Звёздной ночью мне опять не спать,
В небе все дороги хороши.
Может быть, я научусь летать?
Просто так, случайно, для души!

Упрёк

В полноватых по-детски губах
Вековая таится печаль.
От участия в чутких глазах
Мне чего-то становится жаль.

Я стыжусь, что куда-то спешил,
Отвернувшись от ласковых глаз.
И так долго, как будто не жил,
Но проснулся от боли сейчас!

В горьких складках у самого рта –
Молчаливый и мудрый упрёк.
Понимаю, прощён, как всегда,
Но дрожу, как под ветром листок.

Локоток

«Дальше будет только интересней», –
Слышу шёпот в сумраке души.
Отзываюсь залихватской песней,
Но не суетись, не мельтеши.

Лишь сегодня, в призрачном угаре,
Отдаюсь хмельному торжеству.
Ни о чём не помню, не страдаю.
Иногда бессмысленно грущу.

Дни ушли.
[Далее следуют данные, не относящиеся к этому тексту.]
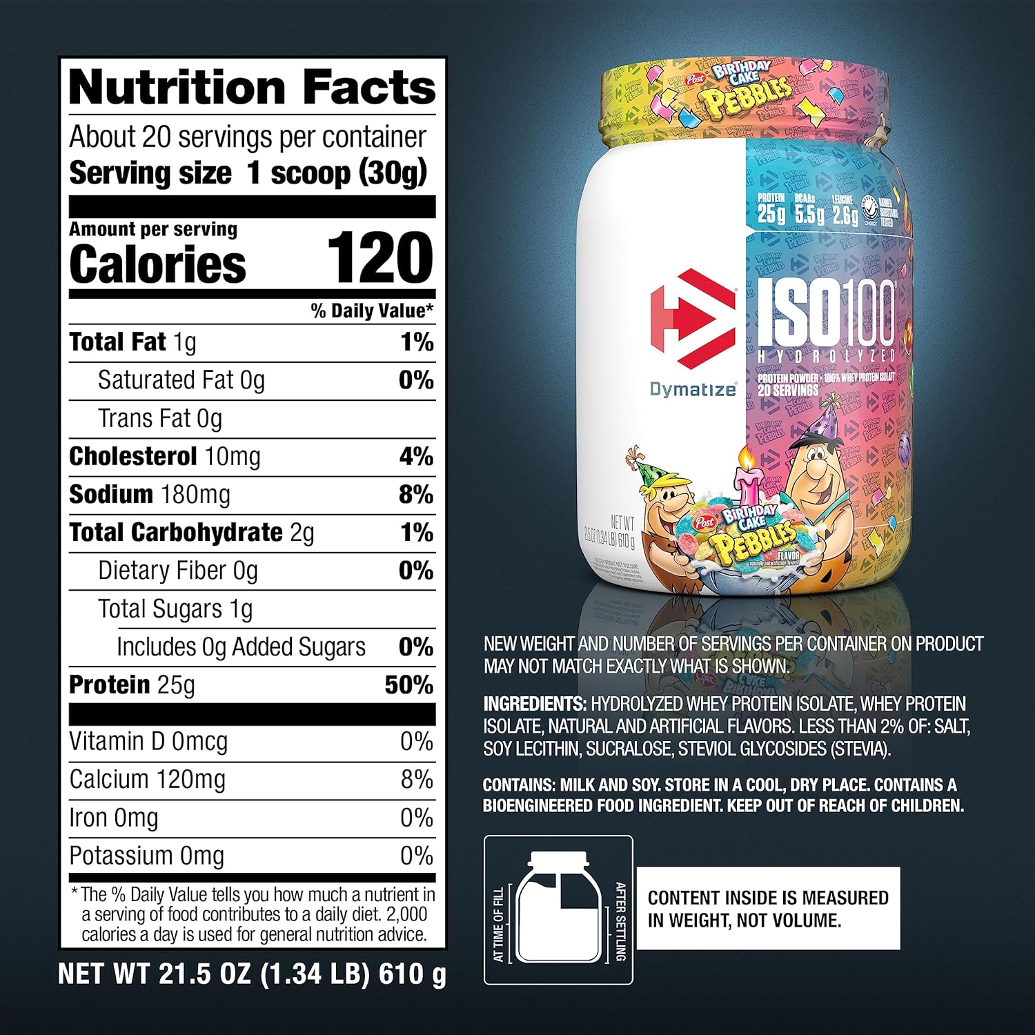 Dymatize ISO100 Hydrolyzed Protein Powder, 100% Whey Isolate Protein, 25g of Protein, 5.5g BCAAs, Gluten Free, Fast Absorbing, Easy Digesting, Birthday Pebbles, 20 Servings

И вслед уйдут другие.
Много ли осталось впереди?
И, уже давно не молодые,
Что-то в этой жизни мы нашли?

Но сегодня песня не об этом.
Улица качнулась и пошла.
Слепят фонари, как солнце летом,
Веселят и радуют глаза.

Я могу, наверно опереться,
Подхватив за острый локоток?
Ты – моё единственное средство,
От печалей, горя и забот.

О вечном

От этого мира мне что-нибудь надо?
Ну, может быть, цитрусов и шоколада.
А, может быть, моря и пляжа кусочек,
Пока задержался последний звоночек?

Плескалась вода в такт походке и бёдрам
В заброшенных ныне и сплющенных вёдрах.
Урок повторяя о малом и бренном,
Отдам всё, что есть, чтоб не быть современным.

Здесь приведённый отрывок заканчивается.